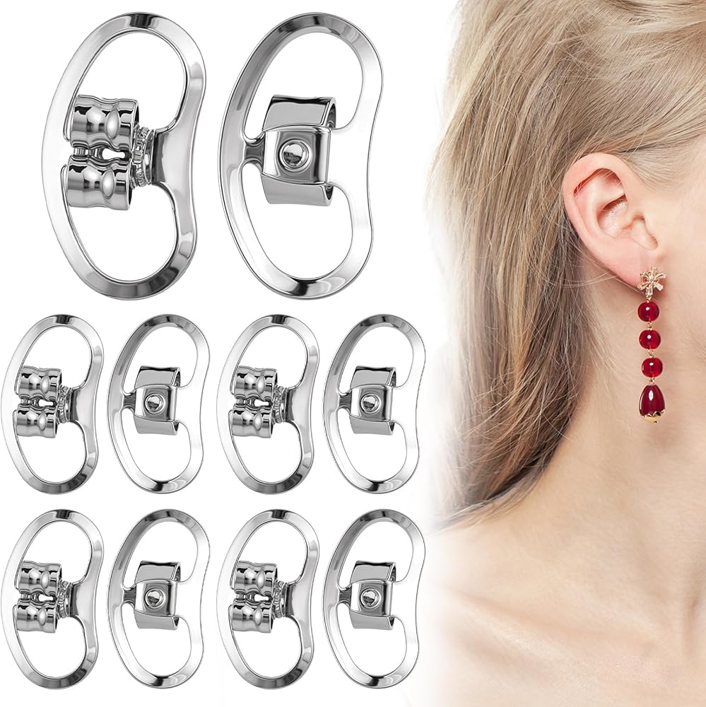 10 Pcs Metal Earring Backs Adjustable Earring Lifters Earring Backs Replacement Secure Earring Backers Heavy Earring Support Backs for Studs Droopy Earlobe Hoops
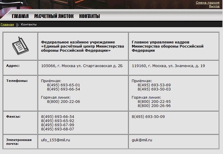 Проще по электронке в ЕРЦ письмецо-заявление написать( ufo_155@mil.ru ), мне ответили через 5 дней, на тел. перезвонила дэвушка и объяснила почему денюшек меньше заплатили...Кто подскажет? Помимо этой долбаной горячей линии есть еще телефоны ЕРЦ?
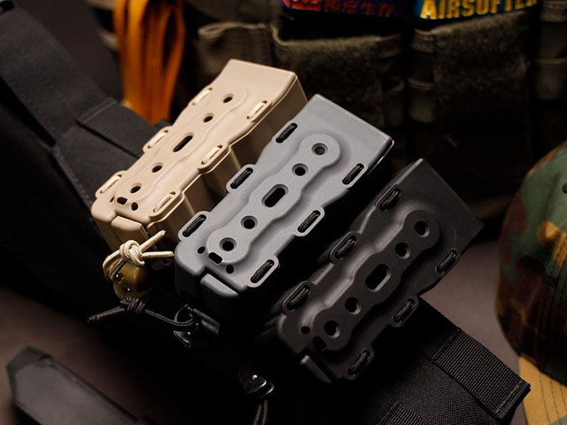 素早いマガジンチェンジが行えるハンドガン用の樹脂製マガジンホルダーです。残弾のあるマガジンをマガジンホルダーに戻す場合(タクティカルリロード)に最高のパフォーマンスを発揮! 各種ホルスターと共通規格の取付穴を設けているため、お好みに合わせたキャリングシステムを構築することができる、優れたドロースピードと拡張性を備えたアイテムです。
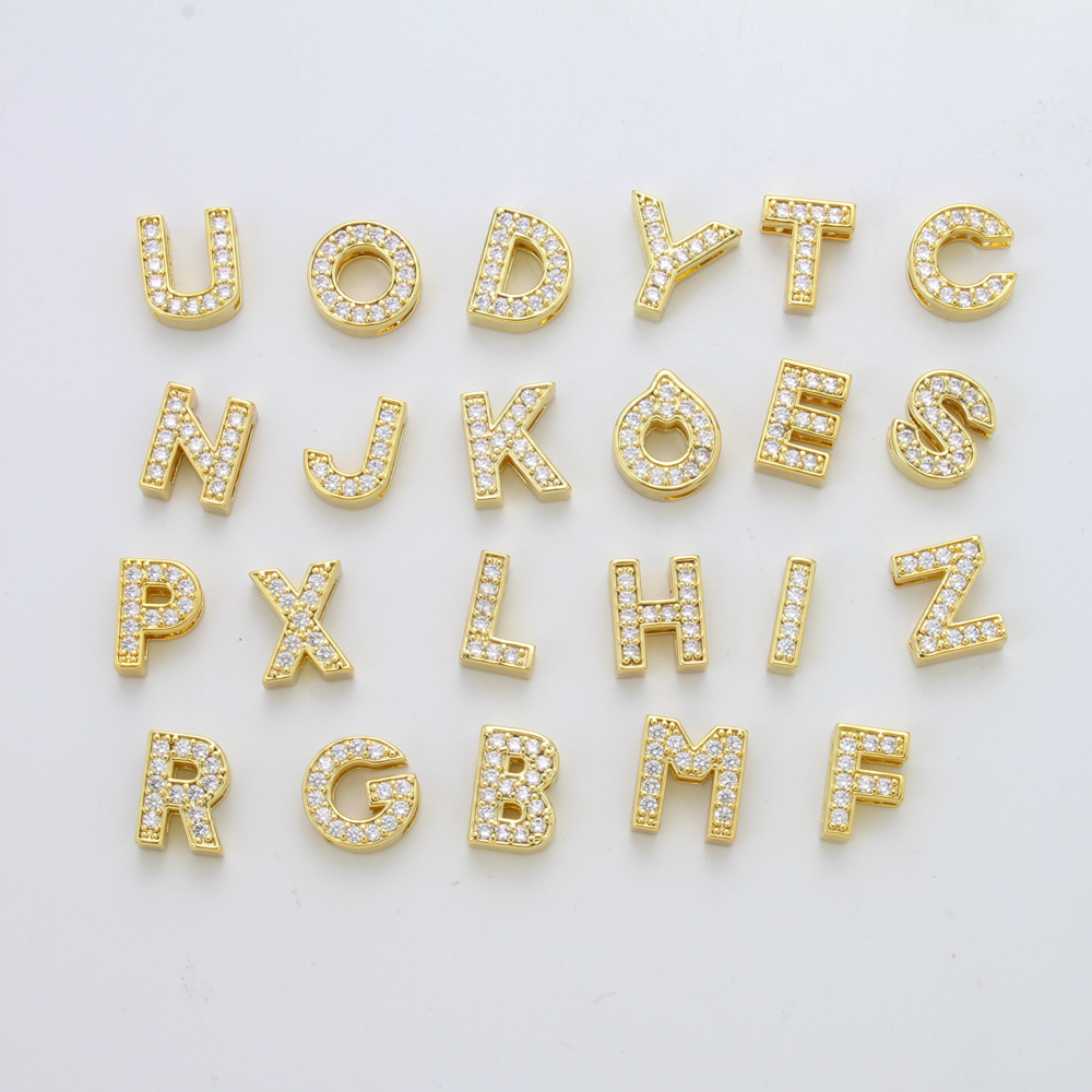 Cúbicos Circonia Colgante Latón Micro pavimenta, metal, Carta del alfabeto, chapado, Bricolaje & micro arcilla de zirconia cúbica, dorado, libre de níquel, plomo & cadmio, 13.70x11.60x4.70mm, Vendido por UD
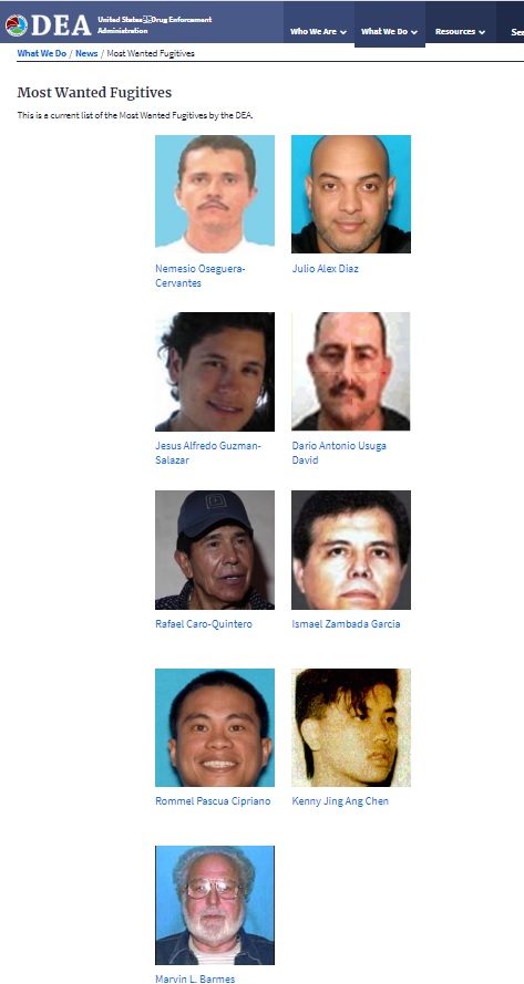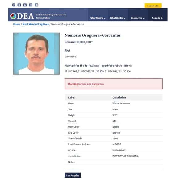Washington.- La Administración para el Control de Drogas de Estados Unidos, (DEA, por sus siglas en inglés), actualizó hoy en su sitio web que el narcotráficante Nemesio Oseguera Cervantes, alias “El Mencho”, es el fugitivo más buscado por este organismo.
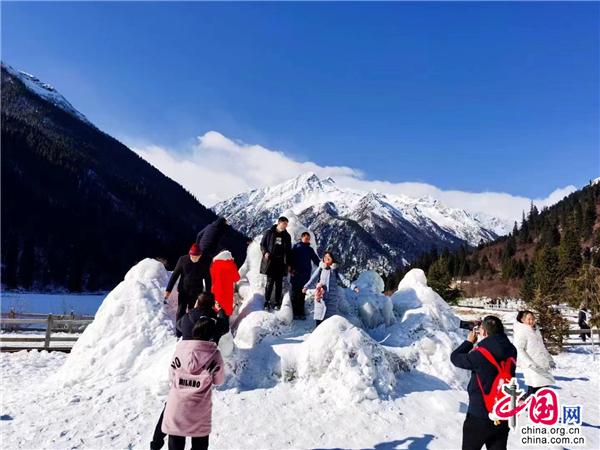 在達古湖和情人灘,攜手親密戀人共同度過了浪漫冬日時光;與朋友和家人,在洛格斯神山腳下,許下了新年最美好的期許;再去山腳逗弄藏酋猴,親人又可愛,讓不少游客連連喊道:“好可愛的猴子!”
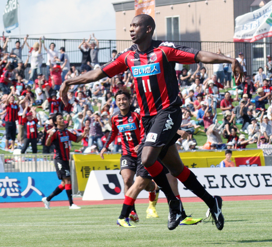 上写真/後半2分同点ゴールを決め“カラスポーズ”で喜ぶFWジオゴ(11番)とゴールの起点となったMF内村(13番)が走り寄る。左奥はDF上原(26番)
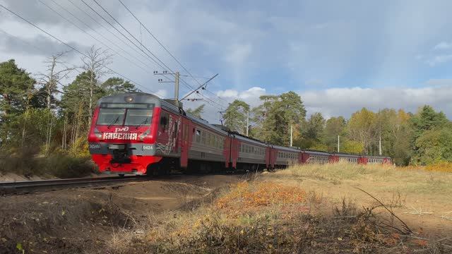Электропоезд ЭД4М-0424 "Карелия", перегон Белоостров - Сестрорецк, г. Санкт-Петербург (октябрь 2025г.)
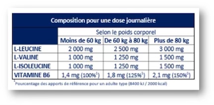Le ratio 2.1.1, 2 (Leucine), 1 (Valine), 1 (Isoleucine) est dit « naturel » car il correspond au ratio naturel de ces acides aminés branchés dans le muscle.
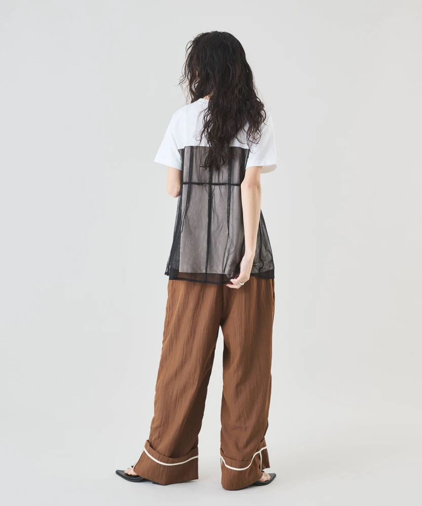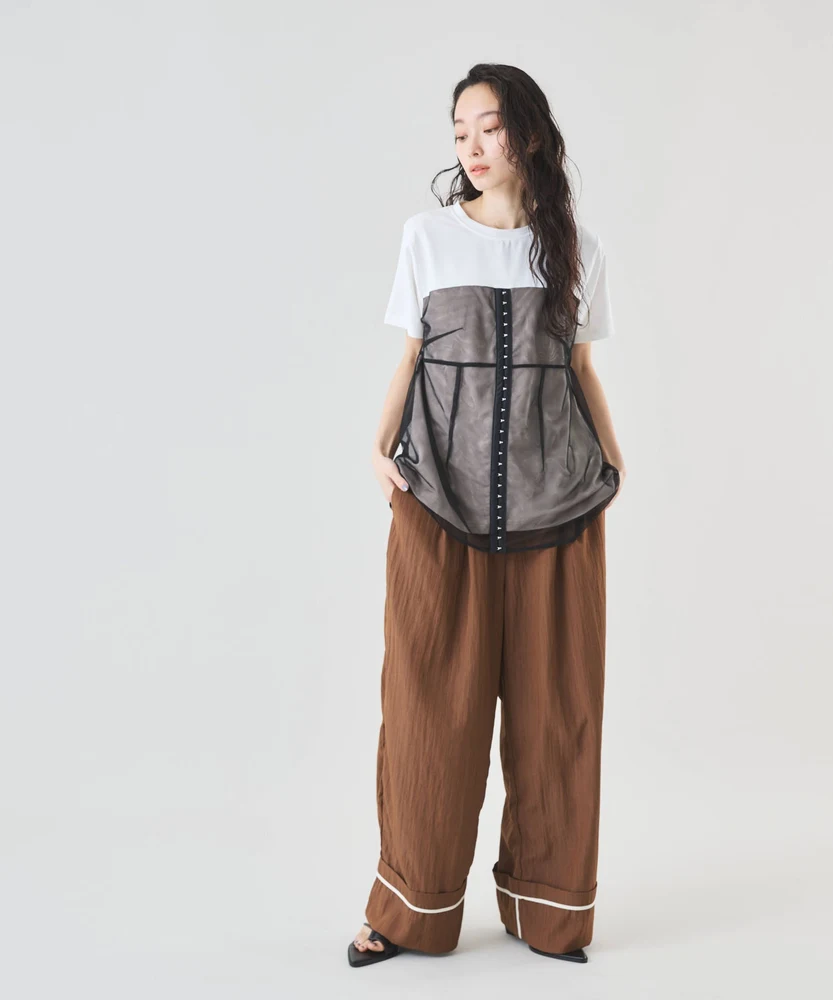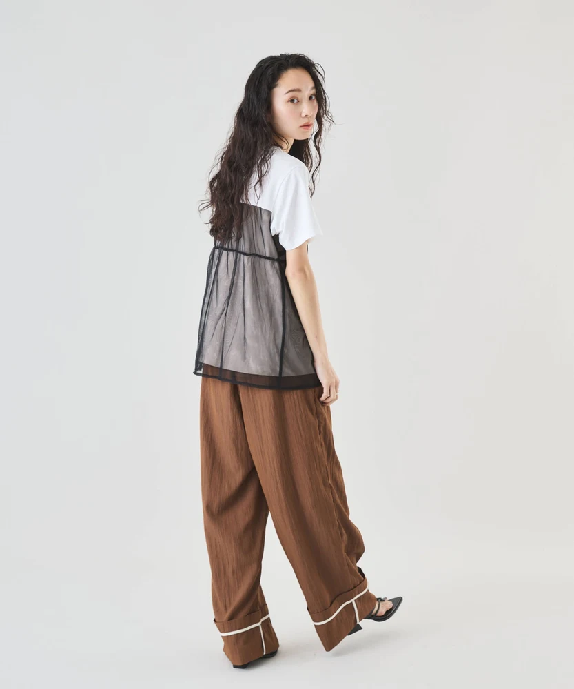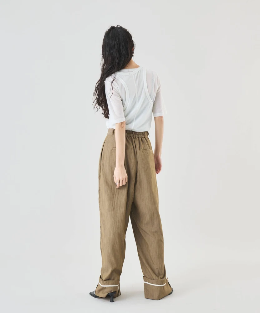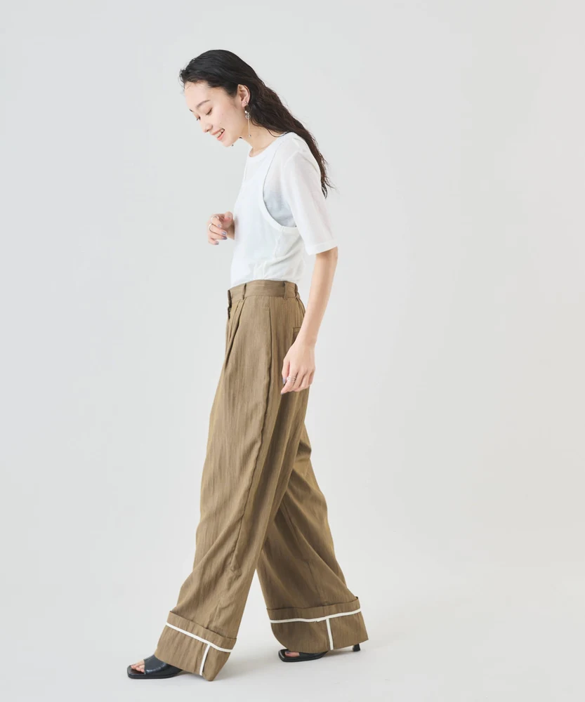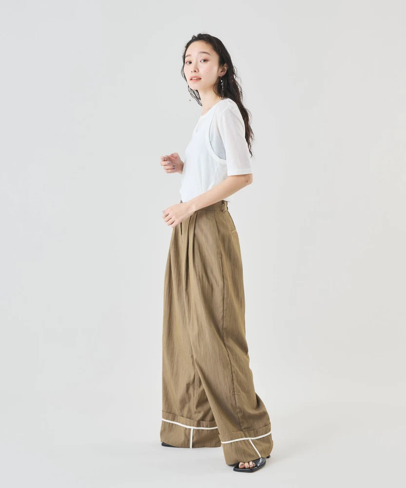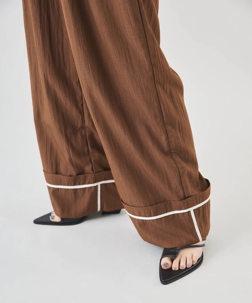 裾に入った配色パイピングデザインが特徴のワイドパンツ。

*Try it*:
Once the line holding "Санкт-Петербург (октябрь 2025г.)" is found, copy it and each later line exactly through the end of the data, leaving out the pictures.

*Solution for this exercise*:
Электропоезд ЭД4М-0424 "Карелия", перегон Белоостров - Сестрорецк, г. Санкт-Петербург (октябрь 2025г.)
Le ratio 2.1.1, 2 (Leucine), 1 (Valine), 1 (Isoleucine) est dit « naturel » car il correspond au ratio naturel de ces acides aminés branchés dans le muscle.
 裾に入った配色パイピングデザインが特徴のワイドパンツ。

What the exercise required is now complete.